─── MATERIAL TO PROCESS

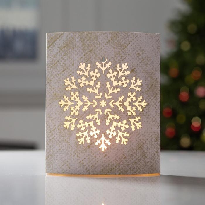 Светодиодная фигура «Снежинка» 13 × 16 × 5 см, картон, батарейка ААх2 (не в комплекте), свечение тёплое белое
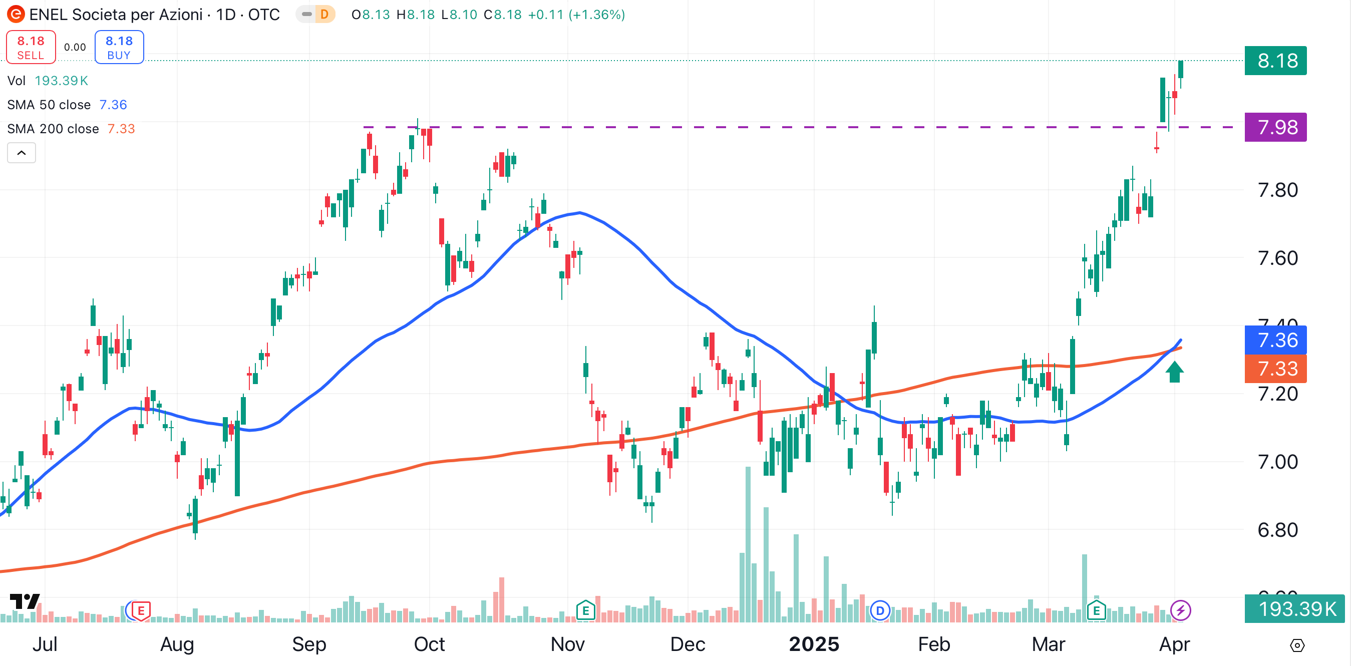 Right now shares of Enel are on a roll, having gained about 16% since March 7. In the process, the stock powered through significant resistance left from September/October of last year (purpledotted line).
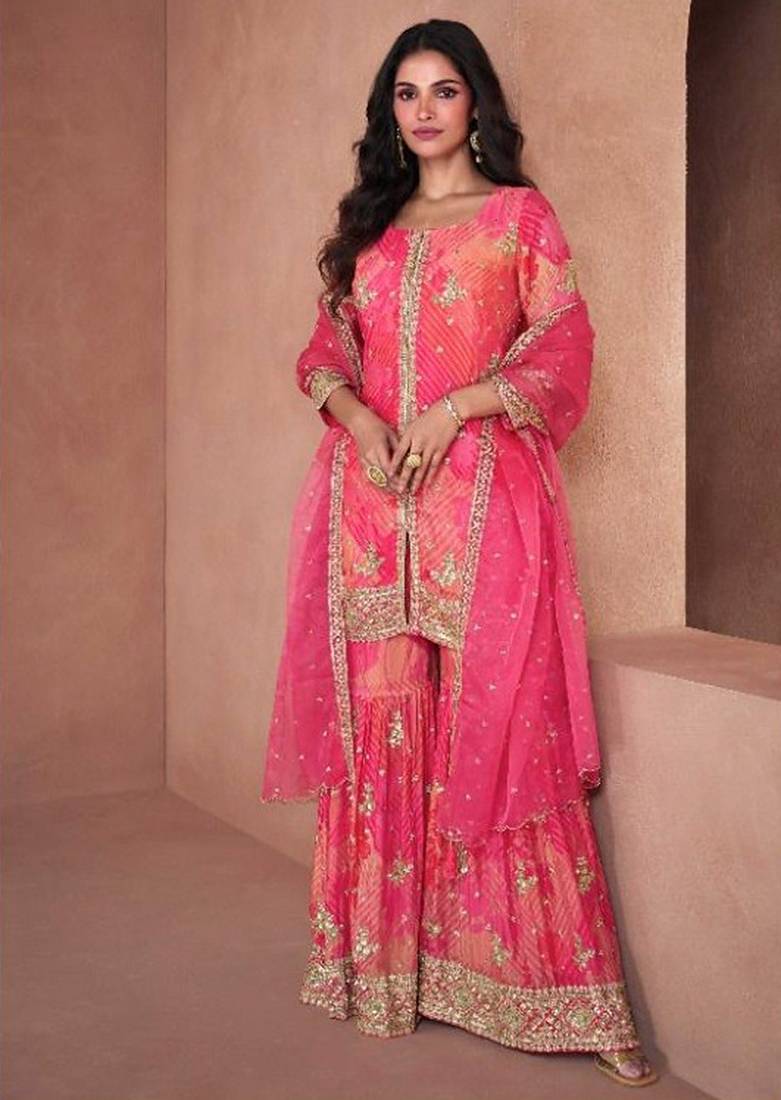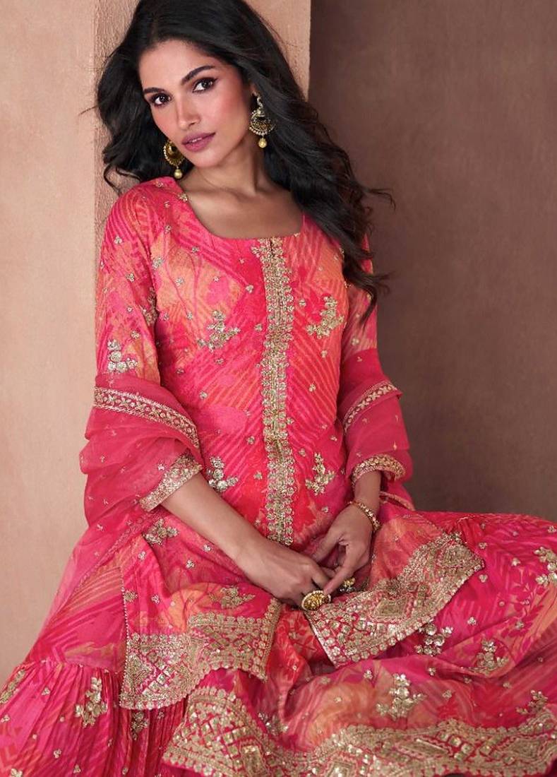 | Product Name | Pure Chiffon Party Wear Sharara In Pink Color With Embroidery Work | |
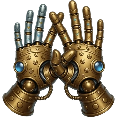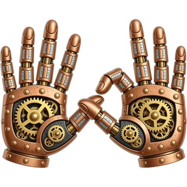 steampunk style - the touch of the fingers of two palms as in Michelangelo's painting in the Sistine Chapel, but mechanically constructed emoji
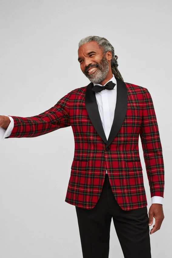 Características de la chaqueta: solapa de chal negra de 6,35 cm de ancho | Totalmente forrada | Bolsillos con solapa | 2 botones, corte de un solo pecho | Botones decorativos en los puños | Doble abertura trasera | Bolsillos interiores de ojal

──────

Every line above should be repeated exactly; pictures stay out of the copy.

• _EXERCISE RESPONSE_:
 Светодиодная фигура «Снежинка» 13 × 16 × 5 см, картон, батарейка ААх2 (не в комплекте), свечение тёплое белое
 Right now shares of Enel are on a roll, having gained about 16% since March 7. In the process, the stock powered through significant resistance left from September/October of last year (purpledotted line).
 | Product Name | Pure Chiffon Party Wear Sharara In Pink Color With Embroidery Work | |
 steampunk style - the touch of the fingers of two palms as in Michelangelo's painting in the Sistine Chapel, but mechanically constructed emoji
 Características de la chaqueta: solapa de chal negra de 6,35 cm de ancho | Totalmente forrada | Bolsillos con solapa | 2 botones, corte de un solo pecho | Botones decorativos en los puños | Doble abertura trasera | Bolsillos interiores de ojal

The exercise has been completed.